天下为聘(341)
他握弓的手稳了些许,指尖一松,箭矢破空而出,擦着树梢飞过,落进草丛。
“差一点,”赵玄轻笑,“再试一次,这次跟着我的力道来。”
白逸襄再次搭箭,赵玄托稳他的手,箭矢再次射出,这一次没入草丛,惊起一只灰兔,蹦跳着窜向林间。
“再来!”白逸襄眸底泛鲜活光彩,主动拉弓搭箭,无需赵玄搀扶,屏息凝神,瞄准那只奔逃的兔子。
赵玄未在干涉,只静静看着。
“咻 ——”
箭矢精准射中兔子耳侧软草,惊得兔子顿住脚步,白逸襄趁势再发一箭,正中兔身,兔子挣扎几下便不再动弹。
“知渊好身手,” 赵玄快步上前,“一学就会,果然聪慧过人。”
白逸襄笑道:“全赖陛下教导有方。”
“这是你自己的本事,” 赵玄快跑几步,弯腰拾起那只兔子,“今晚便烤这只兔子,尝尝知渊亲手猎的野味。”
白逸襄问:“兔肉好吃么?”
赵玄道:“比鹿肉自是差了不少。”
“那陛下再猎只鹿吧。”
“好!”
侍卫将赵玄手里兔子接了过去,又递来帕子,赵玄擦了擦手。然后翻身上马,接过弓箭,“走,去猎鹿。”
日影西斜,赵玄猎得一头小鹿,亲兵就地生火炙烤。
油脂滋滋滴落,香气漫开。
二人并肩坐于步帐之下,赵玄望着跳动的火光,感叹道:“上回围猎,我还同知渊说,待他日得闲,必再携你同来。谁知朝事缠身,竟直到今日才兑现这句闲话,一晃,已过六年。”

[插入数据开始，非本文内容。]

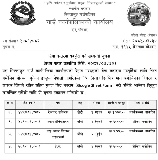मिक्लाजुङ गाउँपालिकामा कर्मचारी आवश्यकता सम्बन्धी सूचना
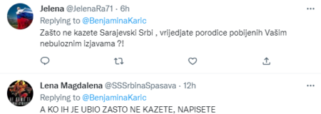 Још неколицина људи је поручило Карићевој да оваквим објавама вријеђа жртве и њихове породице небулозним изјавама, те да је нејасно зашто није навела ко их је и како убио.
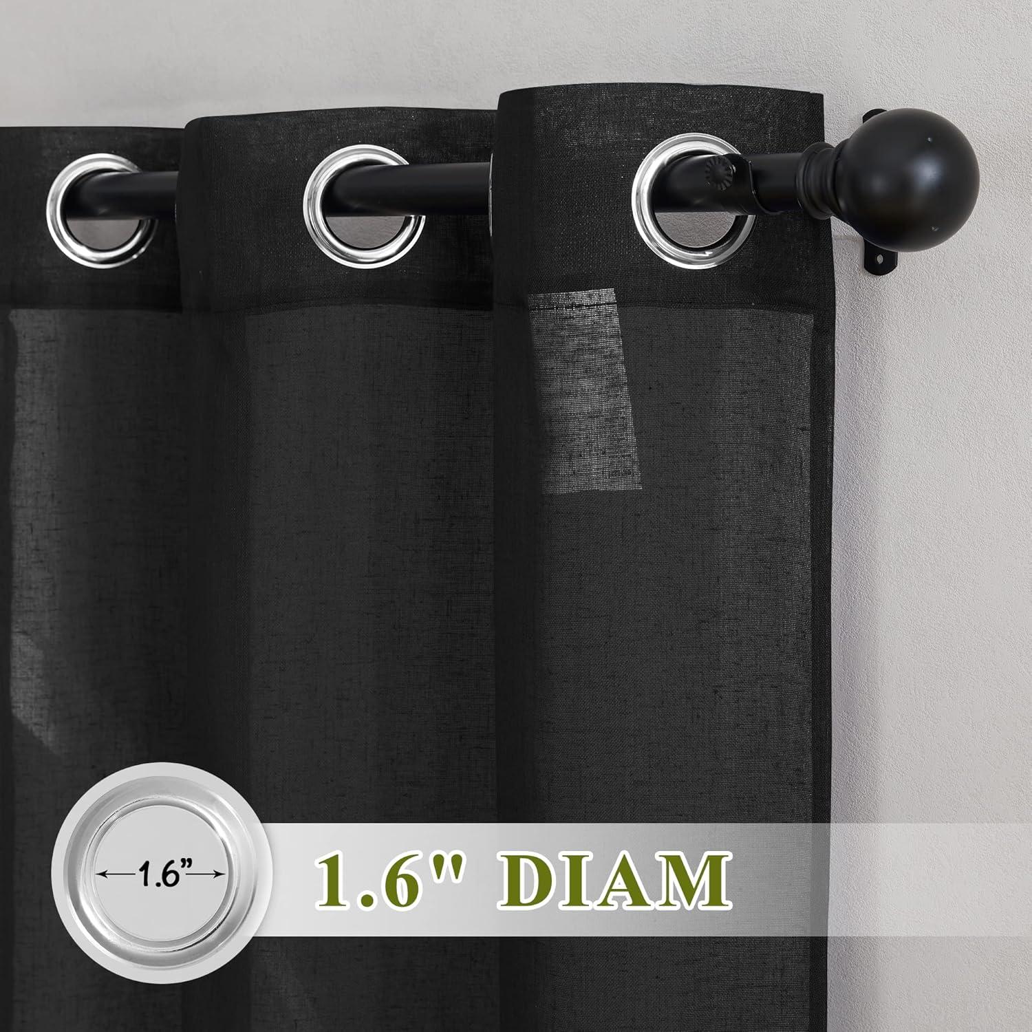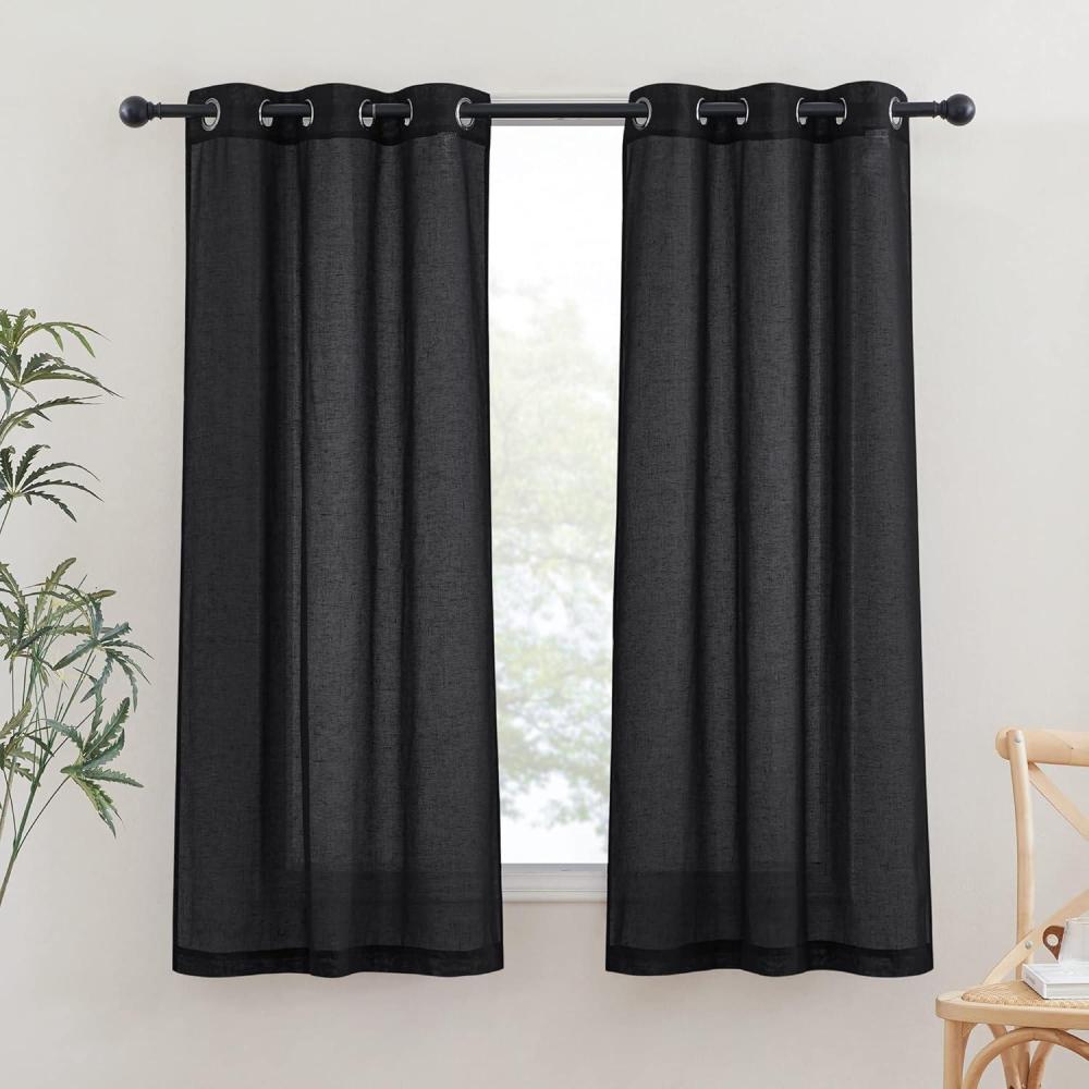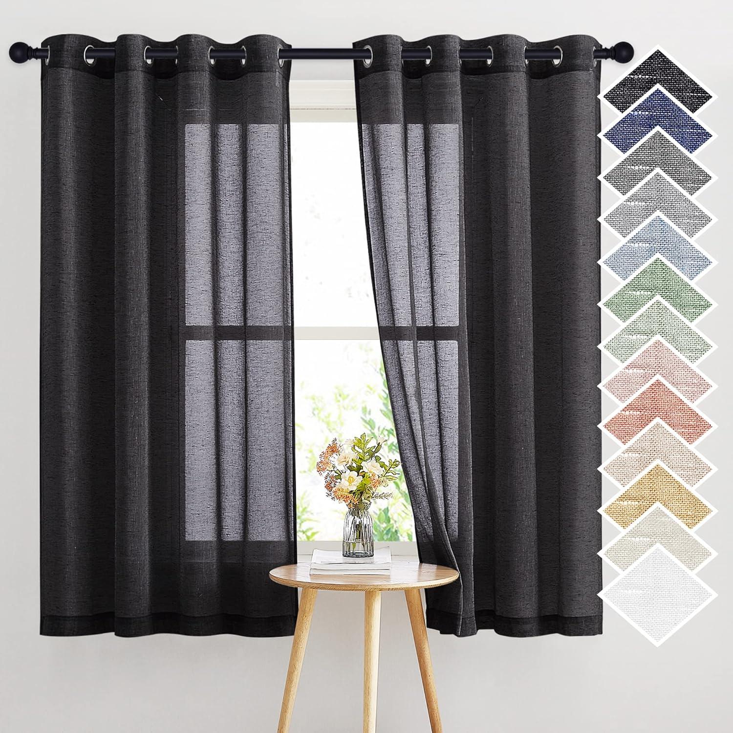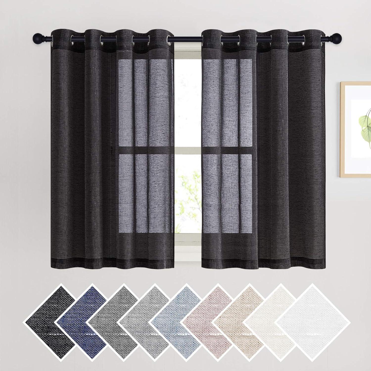 imageNICETOWN Kitchen Curtains 45 inch Length Grommet Short Curtains Semi Sheer Linen Drapes Privacy with Light Filtering for BedroomBasement Citrine W52 x L45 2 PanelsBlack
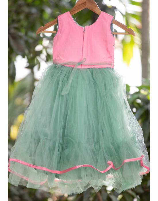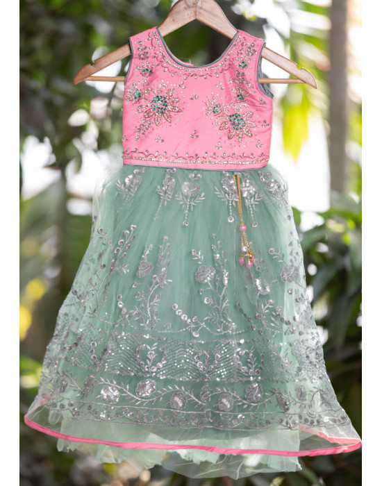 Tags: Silk And Net Frock, All Over Sequence And Stone Work Frock, Kids Dress

白逸襄正夹起一块烤得焦香的鹿肉放入口中,闻言惊讶道:“已过六年了?”
赵玄点点头。
白逸襄捡起一块兔肉尝了尝,便未再去动,而是专心地吃着鹿肉。
白逸襄道:“日子还长,往后天下大安,定会有更多这般清闲光景。”
赵玄转眸看他,“知渊……”
“嗯?”
“若有一日四海平定、边疆无警、吏治清明,先生可愿与朕微服简从,遍游山河?一路看遍江南烟雨、塞北长风、蜀中云壑、东海潮声,既作游玩,也顺道体察地方吏治,见一见真正的人间烟火。”
白逸襄抬眸看向他,暮色落在赵玄浓黑的眉间,淡了几分英气,双眸碎光闪闪,温柔迷离。
他停顿片刻,见赵玄脸上现出焦急,便轻笑一声:“臣居庙堂日久,终日与卷宗策论为伴,早已渴慕市井烟火、山河风月。陛下若往,臣,必当相随。”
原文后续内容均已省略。